Зигмунд Фрейд “Психоаналитические заметки об автобиографическом описании случая паранойи”

-= 4 =-

[442]38
    Мы в самом деле обнаружим, что  это “близкое родство” является тем камнем, на котором он основывает свои надежды на грядущее примирение с Богом и окончание своих страданий.  Божественные лучи утрачивают свою враждебность как только они убеждаются, что будучи поглощены его телом, они будут испытывать духовное сладострастие; (133) Сам Господь требует, чтобы Он мог находить в нём сладострастие(283) и угрожает ему совсем убрать лучи, если он не захочет культивировать сладострастие и не сможет предложить Господу то, чего Он требует.(320)

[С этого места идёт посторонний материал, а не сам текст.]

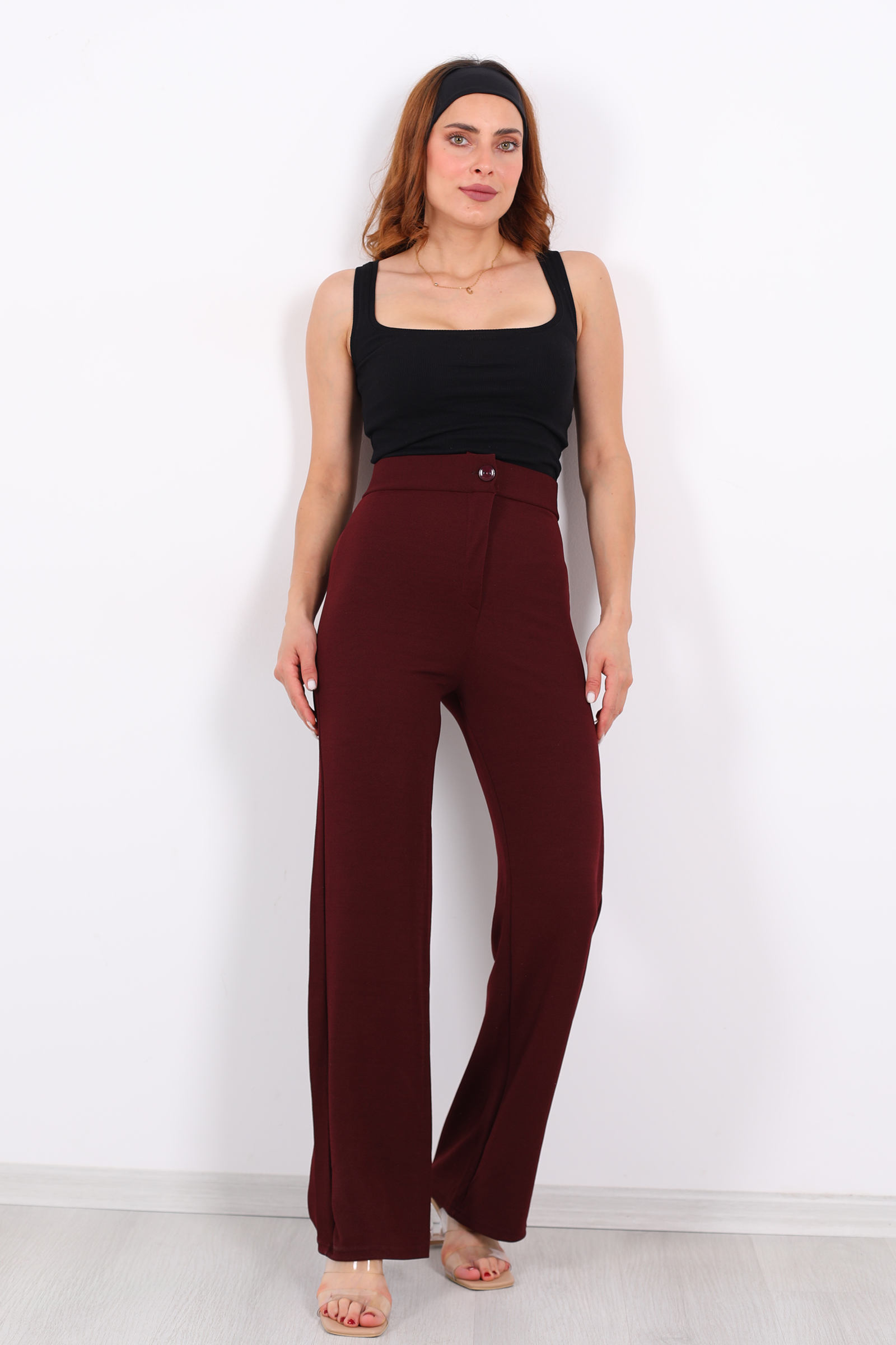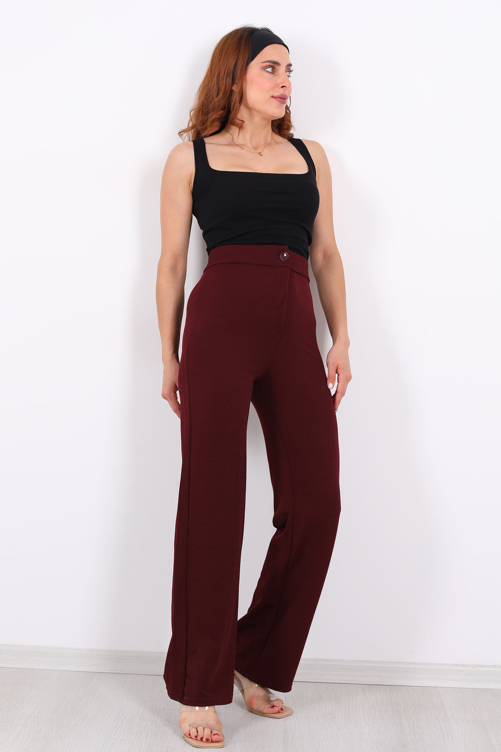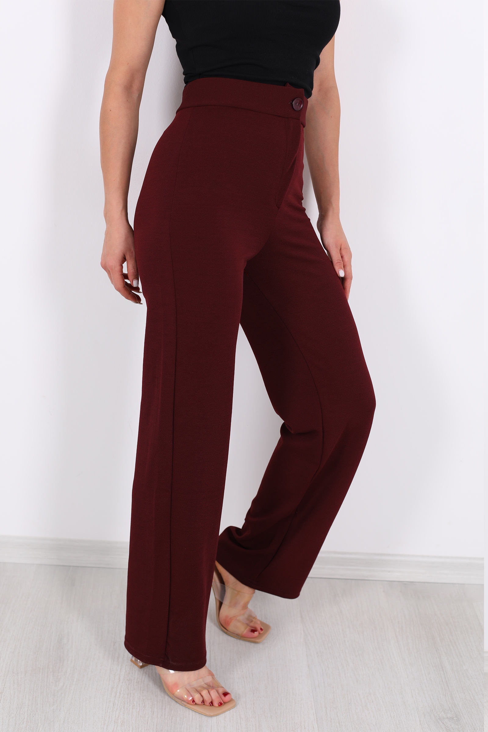 Zarafetin koyu tonu ile rahatlığı birleştiren bu bordo krep palazzo pantolon, gardırobunuza sofistike bir dokunuş katıyor. Etek gibi akan geniş palazzo paçalar, her adımda akışkan ve özgür bir duruş sağlarken, krep kumaşın sürtünmesiz ve hafif dokusu konforu ön planda tutar. Pasta‑bordo tonu, koyu tonlarla derin uyum yakalarken açık tonlarla da harika kontrast oluşturur.
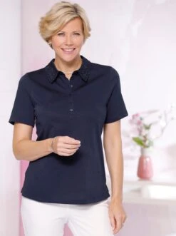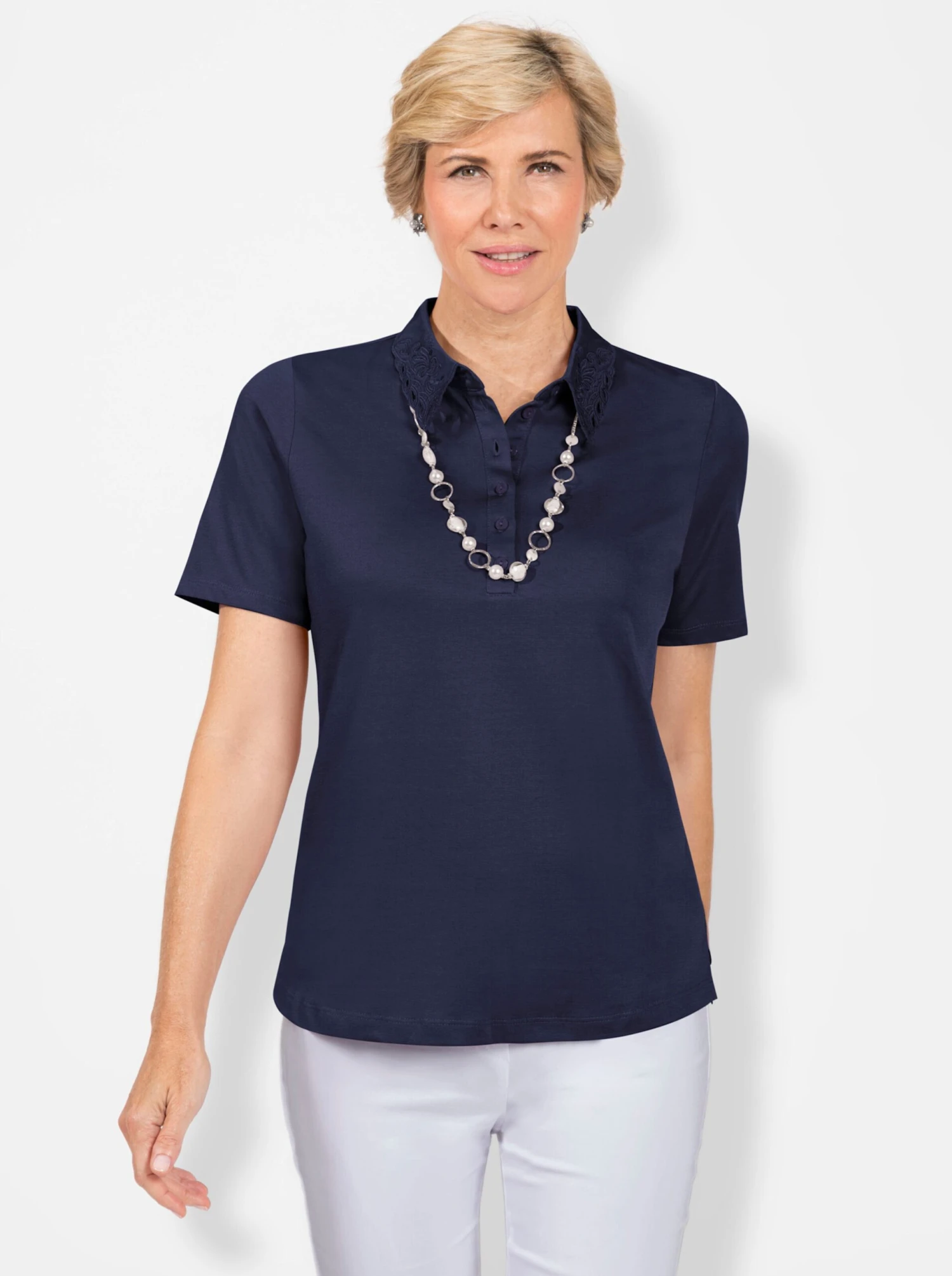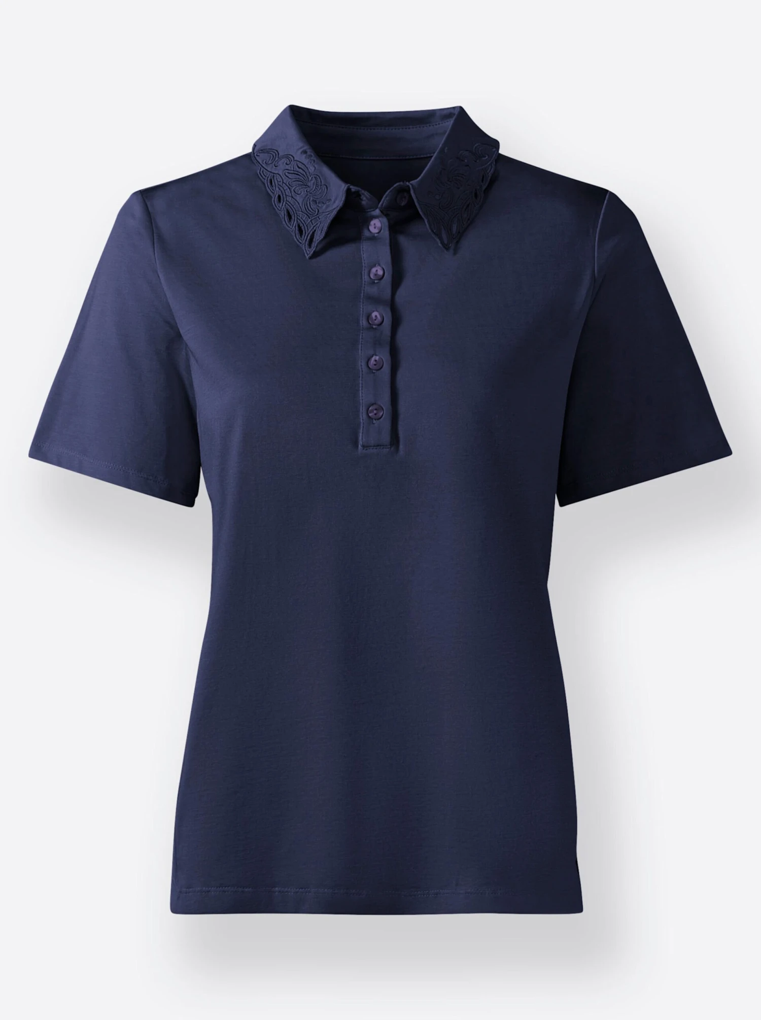 Das Shirt besticht durch die atmungsaktive Super Jersey-Qualität und den Polokragen mit Stickerei und effektvollen Aussparungen. Gebogte Abschlüsse am Kragen. Mit Knopfleiste und Seitenschlitzen. Mit dem Kauf unterstützen Sie die Initiative Cotton made in Africa.
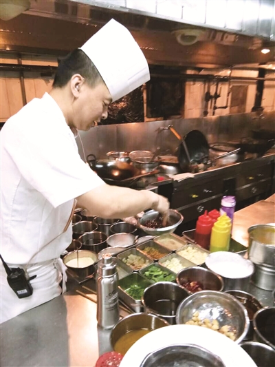 虽然店里采取了一系列通风措施,但是中午的厨房,还是比较热的。在厨房待得时间长了,曲海波依然会满头大汗,只见他边擦汗边笑着说:“让顾客吃得开心,我们再辛苦也是值得的。”

    Удивительная сексуализация состояния высшего блаженства предполагает возможность, что шреберовская концепция этого состояния возникла из сближения двух основных значений немецкого слова “selig” -- а именно “мёртвый” и “испытывающий чувственное удовольствие”39.  Но этот пример сексуализации также предоставит нам случай исследовать общее отношение пациента к эротической стороне жизни и к вопросам сексуальных удовольствий.  Ибо мы, психоаналитики, до сих пор поддерживали точку зрения, что корень любого нервного или умственного расстройства кроется в половой жизни пациента -- некоторые из нас,  исходя из исключительно эмпирических наблюдений, другие, находясь также под влиянием некоторых теоретических соображений.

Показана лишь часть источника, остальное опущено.